Одного из наемников отправили в разведку на улицу Риволи. Гладко выбритый, одетый в шерстяные штаны и куртку Слуги, он выглядел достаточно респектабельно, чтобы проникнуть на кухню барского дома. В эти дни повсюду шаталось множество людей в поисках случайной работы, и более удачливые, сумевшие получить постоянное место, редко гнали их от ворот.
Как только настала темнота, Доминик с Сайласом прокрались на улицу Риволи. С парадного входа особняк, примыкавший к другим домам, обращенным фасадами на высокую стену, окружавшую сад Тюильри, казался неприступным — здесь была лишь огромная, наглухо закрытая дверь. Обменявшись понимающими взглядами, мужчины разошлись и нырнули в боковые улочки, чтобы разведать все вокруг дома. Час спустя они нашли то, что искали.
Глава 26
Ощущение было уже знакомым, однако на сей раз куда более ужасным, чем когда она заменила собой Элизу и являлась добровольной жертвой похищения. Тогда в конце пути ей грозила лишь встреча с разгневанным пиратом. Теперь подпрыгивающая карета, в которой она лежала, как цыпленок, со связанными руками и ногами и с кляпом во рту, несла Женевьеву туда, где ее ждали четверо разгневанных «любовников».
Однако она обязана предстать перед ними с достоинством, если, конечно, будет такая возможность. Если ее не бросят к их ногам беспомощную, связанную и лишенную возможности говорить. Женевьева не могла сказать, кто из них пугал ее больше и кто вызывал большее отвращение. Но она должна взять себя в руки и бесстрашно встретиться с негодяями лицом к лицу.
Доминик непременно придет ей на помощь. Когда и каким образом, она не представляла. Но должен прийти, и она обязана продержаться до этого момента. Если только капер срочно не понадобится Наполеону, тогда ему некогда будет заниматься ее спасением. В конце концов, она сама виновата в том, что случилось. Но даже думая так, она верила, что и Наполеон не удержит капера от того, чтобы броситься ей на помощь. «Пусть наш роман окончен. Но Доминик меня не бросит в беде.
Гордость не позволит ему так поступить независимо от того, что он теперь чувствует ко мне».
Карета резко накренилась на повороте, и Женевьева, которая не могла выставить руки, поскольку они были связаны, сильно ударилась головой, но кляп поглотил ее невольный крик, а слезы она скрыла, быстро зажмурившись.
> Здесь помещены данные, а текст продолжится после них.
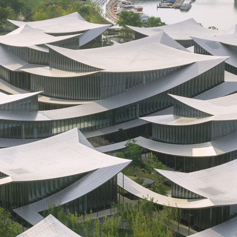 Suzhou is the birthplace of the Chinese garden. Our design for the Suzhou Museum of Contemporary Art is conceived as a garden of pavilions and courtyards. The individual pavilions are linked by glazed galleries and porticoes, creating a Chinese knot of interconnected sculpture gardens and exhibition spaces. Intertwining between the legs of a waterwheel, the museum branches out like a rhizome, connecting the city to the lake. The result is an artificial labyrinth of plants and artworks in which to lose oneself. Its nodal logic is only clearly appreciated from the gondolas. Facing the open space of the lake, the gently conical curve of the roofs creates an elegant silhouette on the shore. From above, the stainless steel tiles form a fifth façade. - Bjarke Ingels, Founder and Creative Director, BIG.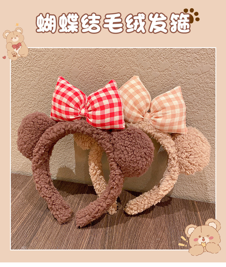 Bowknot 곰 봉제 머리띠 여성 머리 누르는 얼굴 세척 머리띠 야외 다용도 2023 새로운 머리 묶음 머리 장식스토어 가기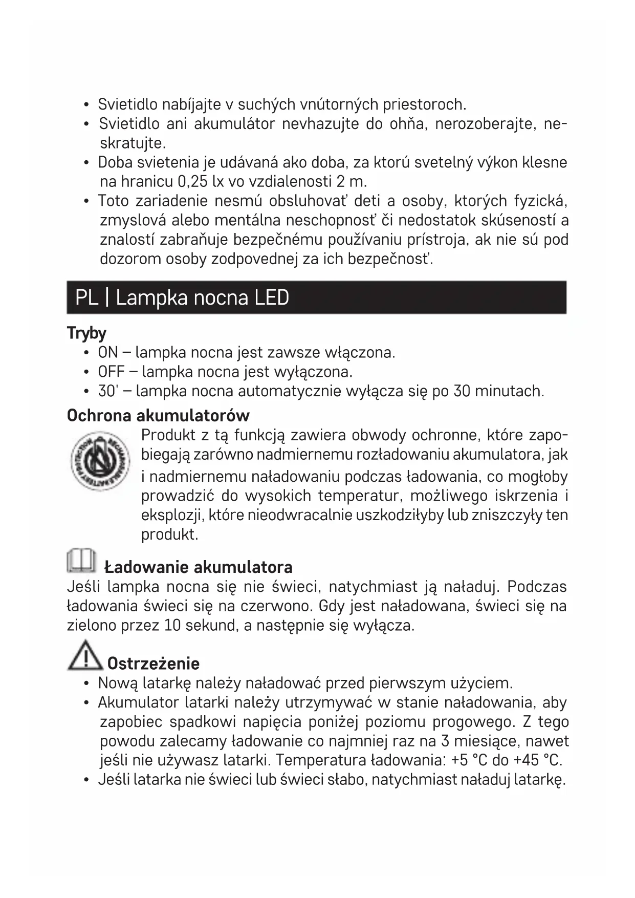 - 30' – lampka nocna automatycznie wyłącza się po 30 minutach. Ochrona akumulatorów Produkt z tą funkcją zawiera obwody ochronne, które zapo- biegają zarówno nadmiernemu rozładowaniu akumulatora, jak i nadmiernemu naładowaniu podczas ładowania, co mogłoby prowadzić do wysokich temperatur, możliwego iskrzenia i eksplozji, które nieodwracalnie uszkodziłyby lub zniszczyły ten produkt. Ładowanie akumulatora Jeśli lampka nocna się nie świeci, natychmiast ją naładuj. Podczas ładowania świeci się na czerwono. Gdy jest naładowana, świeci się na zielono przez 10 sekund, a następnie się wyłącza. Ostrzeżenie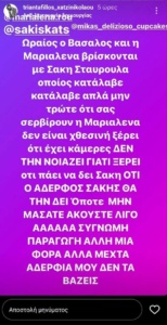 «Μη μασάτε ρε κόλπα της παραγωγής να ανεβάσει λίγο τηλεθέαση. Βρίσκονται στο δάσος Μαριαλένα, Σάκης, Βασάλος, Σταυρούλα. Ακούτε λίγο τον πρόεδρο. Πώς τα ξέρω όλα, είμαι ένα βήμα πιο μπροστά από την παραγωγή. Συγγνώμη παραγωγή μου, φιλάκια. Ωραίος ο Βασάλος και η Μαριαλένα βρίσκονται με Σάκη και Σταυρούλα, όποιος κατάλαβε κατάλαβε. Απλά μη τρώτε ό,τι σας σερβίρουν. Η Μαριαλένα δεν είναι χθεσινή, ξέρει ότι έχει κάμερες, δεν τη νοιάζει γιατί ξέρει ότι πάει να δει τον Σάκη, ότι ο αδερφός Σάκης θα τη δει οπότε μη μασάτε!», έγραψε ο Τριαντάφυλλος.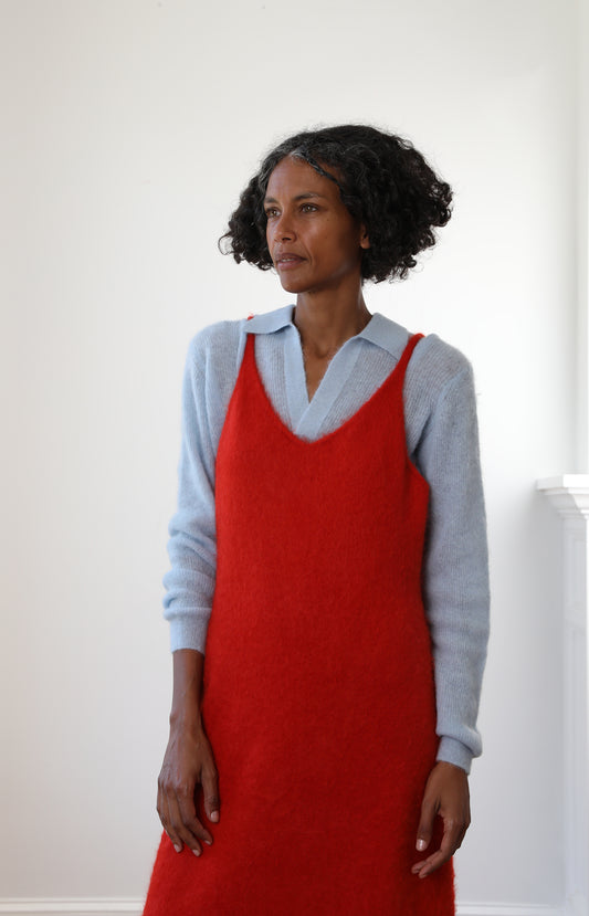 Garment-dyed Baby Alpaca Fur Knit Dress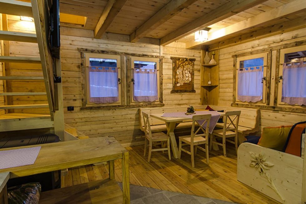 The chalet, which is entirely made of wood, is arranged over two floors plus a mezzanine and can house two to six people. The sleeping area, on the top floor, comprises a double bedroom, a relaxation area that turns into a bedroom with two beds, and a mezzanine with two beds. The living area, on the bottom floor, has an equipped kitchen and a large bathroom, split into two separate rooms, and is provided with everything guests need to feel at home.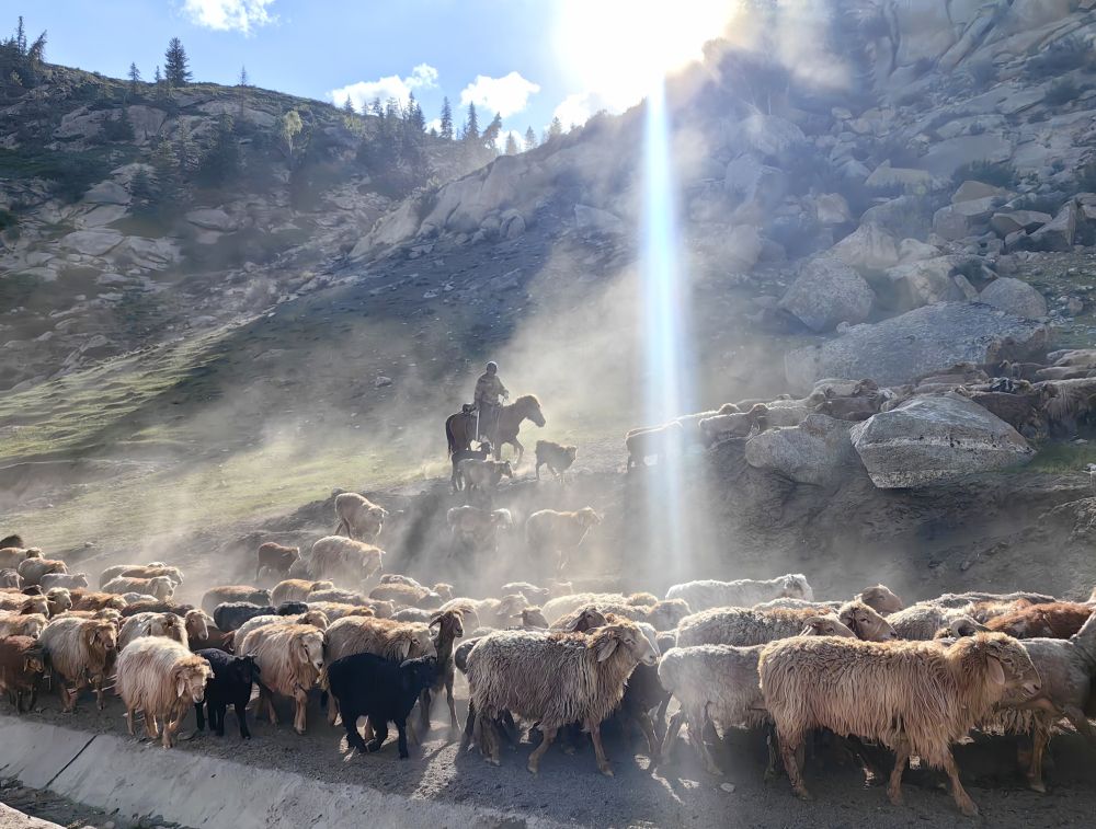 這是6月5日拍攝的新疆阿勒泰地區(qū)富蘊(yùn)縣山中的羊群。新華社記者 楊皓 攝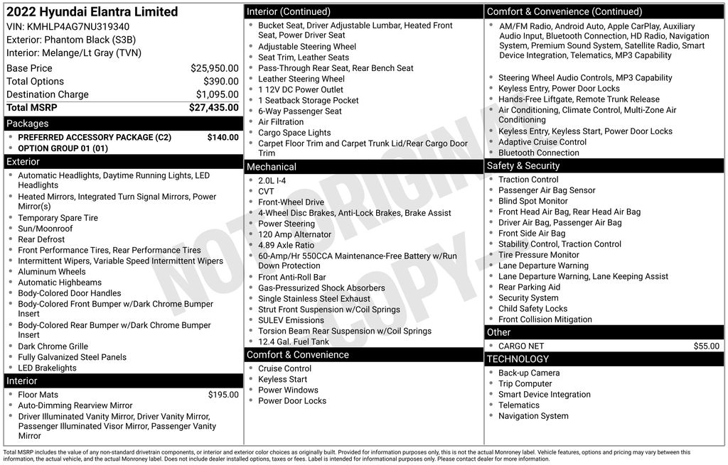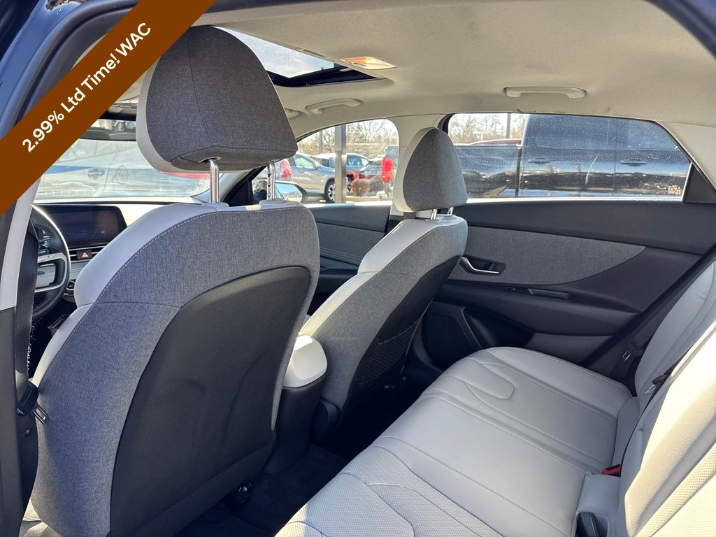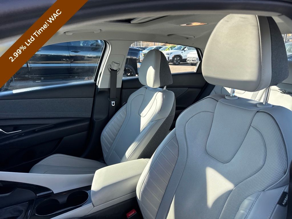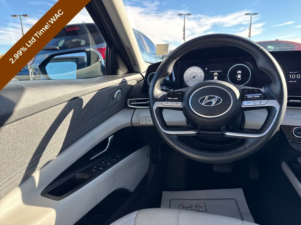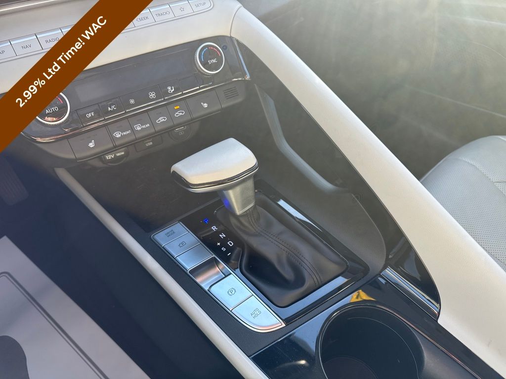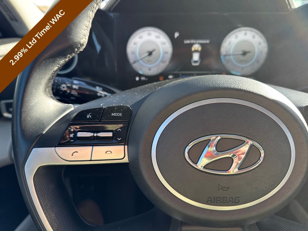 Option Group 01, Preferred Accessory Package (First Aid Kit), Hyundai Certified Used Vehicles Certified, 17" x 7.0J Alloy Wheels, 4-Wheel Disc Brakes, 8 Speakers, ABS brakes, Air Conditioning, Alloy wheels, AM/FM radio: SiriusXM, Apple CarPlay & Android Auto, Auto High-beam Headlights, Auto-dimming Rear-View mirror, Automatic temperature control, Brake assist, Bumpers: body-color, Cargo Net, Carpeted Floor Mats, Delay-off headlights, Driver door bin, Driver vanity mirror, Dual front impact airbags, Dual front side impact airbags, Electronic Stability Control, Emergency communication system: Blue Link Connected Car Service (3-year complimentary subscription), Exterior Parking Camera Rear, Front anti-roll bar, Front Bucket Seats, Front Center Armrest, Front dual zone A/C, Front reading lights, Front wheel independent suspension, Fully automatic headlights, Heated door mirrors, Heated Front Bucket Seats, Heated front seats, Illuminated entry, Leather-Trimmed Seats, Low tire pressure warning, Navigation System, Occupant sensing airbag, Outside temperature display, Overhead airbag, Overhead console, Panic alarm, Passenger door bin, Passenger vanity mirror, Power door mirrors, Power driver seat, Power moonroof, Power steering, Power windows, Radio: AM/FM/HD/SiriusXM Display Audio, Rear seat center armrest, Rear window defroster, Remote keyless entry, Security system, Speed control, Speed-sensing steering, Split folding rear seat, Steering wheel mounted audio controls, Tachometer, Telescoping steering wheel, Tilt steering wheel, Traction control, Trip computer, Turn signal indicator mirrors, and Variably intermittent wipers.

За исключением тех нескольких секунд, которые понадобились, чтобы связать ее, заткнуть рот и кинуть на сиденье, две безмолвные фигуры, сидевшие напротив, вели себя так, словно пленницы вовсе не существовало. Теперь один из похитителей наклонился и помог ей сесть прямо, прислонив к поскрипывающей коже диванной подушки. Ничего особенного, но Женевьева с ужасом поняла, что испытывает благодарность даже за столь малый знак сочувствия, проявленный ее облаченными в черное похитителями, которые сильно смахивали на воронов.
Наконец экипаж замедлил ход и остановился. Один из воронов открыл дверцу и спрыгнул на землю. Другой поднял Женевьеву и передал ее в протянутые руки первого. Женевьева лежала неподвижно, но внимательно смотрела по сторонам: двор, окруженный высокой стеной, большой дом со множеством окон, огромный тополь, корни которого вздымали камни брусчатки.
Через узкую высокую дверь ее внесли в тускло освещенный коридор. Никаких признаков присутствия людей она не заметила, хотя поняла, что находится в крыле, предназначенном для слуг, судя по всему, очень богатого дома. Стены здесь были свежевыкрашенными, ковры новыми. Ковер покрывал даже узкую лесенку, по которой ее теперь несли наверх — редкая роскошь для непарадной части дома. Дойдя до верхней площадки, человек толкнул дверь.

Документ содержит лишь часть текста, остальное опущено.